MP calls on party not to overlook women

While initial provincial lists are showing a dearth of women in the ranks, African Christian Democracy Party (ACDP) MP Cheryllyn Dudley has high hopes that the National Elections list will have higher female representation and that provincial lists will be scrutinised.

In response to queries about the listing process and how it will impact on women representing the ACDP in legislatures across the country, Dudley said: “From the earliest years in the party it has been women who have played major roles in the party and it is on the back of their hard work and enthusiasm that the party is now on the brink of significant growth once again and noteworthy success at the ballot box.

“Women in the party, and indeed the whole country, are watching closely to see if the ACDP will get behind its strong, good women — especially young women with great potential — ensuring representation that depicts the realities in our country.

“It is my hope and appeal to delegates and executive members involved in listing”, that they do not inadvertently overlook the role women have and must play in the party going forward.”

Ahead of the national listing process commentators have said the ACDP needs to take note that some provinces are seen to have dropped the ball with, for instance, only three women featuring on the entire KZN list at this stage.

The ACDP has focused increasingly, on building a “shared future” and has been a player on the South African political stage since its formation in 1993.

As the name suggests, its central pillar is the Christian values and related moral principles it holds. The ACDP has also managed to shift the perception people had of the party from that of a solely religious party to one that is rational and practical, finding solutions to the many issues that concern every South African.

Political analyst, Fabian Scherer, pointed out, many structures that new political parties work towards, already exist and function within the ACDP so it does not need to deal with its internal affairs, but can fully commit to the election campaign in the run-up to the 2019 election.

According to the Electoral Commission, after the first voter registration weekend last year, 82% of all new registrations were under the age of 30 and of these, approximately 54% were young women. With these statistics, it would be unwise to ignore this influential sector of the electorate.

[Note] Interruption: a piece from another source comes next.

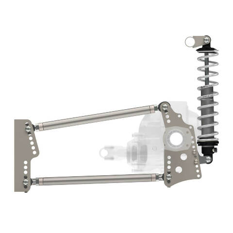 Product Overview: QA1's Heavy Duty Pro Rear Drag 4-link system streamlines the fabrication process delivering professional-grade results and performance in a convenient easy-to-order kit from one source. This 4-link system is designed for the hardcore do-it-yourself racer looking for a solution to take their vehicle to the next level. High quality MIG-weldable components ensure a safe and properly engineered design that can be easily adapted into many drag racing setups. Find convenience safety and performance all from QA1 with the HD Pro Rear Drag 4-Link. Performance: This drag race-style 4-link design is known for its performance and adjustability with a wide range of instant center tuning and on-car adjustability. The components can be cut to length to work in any setup with 40 inch or narrower frame-rails. QA1's 7 inch travel track-proven shocks round out the kit and offer adjustability for track conditions and plenty of travel. Heavy Duty Design: This heavy-duty design can handle demands of high-performance racing. With inch-thick plates 1-1/4 inch trailing arm tubes Grade 8 hardware and QA1 chromoly rod ends these kits are built to put down serious power. Adaptability: This kit contains all the components and hardware needed for assembly and mounting of the trailing arms shocks springs and uses a diagonal link for lateral locating. All components can be purchased individually if different configurations are required. Look to QA1 for components that will help in any drag race suspension. Kit Contents: 22 Trailing arms brackets rod ends tube adapters 40 shock crossmember and mounting tabs 40 Diagonal link kit with mounting brackets Grade 8 hardware MOD Series 4-way Adjustable Coilover Shocks Fitment Notes Welding required Trailing arm tubes and diagonal links can be cut to length Works with 3 in. axle tubes Works on 40 in. and narrower frame rails
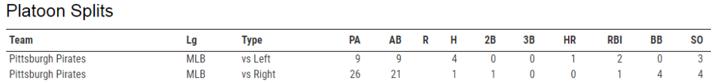 The Pirates have tried to hide him from lefties early on here, now check out his splits.

Following Scherer’s train of thought and in the light of state capture investigations placing the moral integrity of the ruling party in question, the ACDP can point to its values-based approach as a more morally transparent alternative.

And as verse 31 of the Book of Proverbs points out, women are not only capable of being hands-on in business, farming and trading — they speak with wisdom that inspires confidence. Women, admittedly have been less than supportive of each other in the past but this is changing and we want to see this reflected in the party’s representation.

People nationally and globally are looking to the ACDP to be a frontrunner in the achievement of this goal.”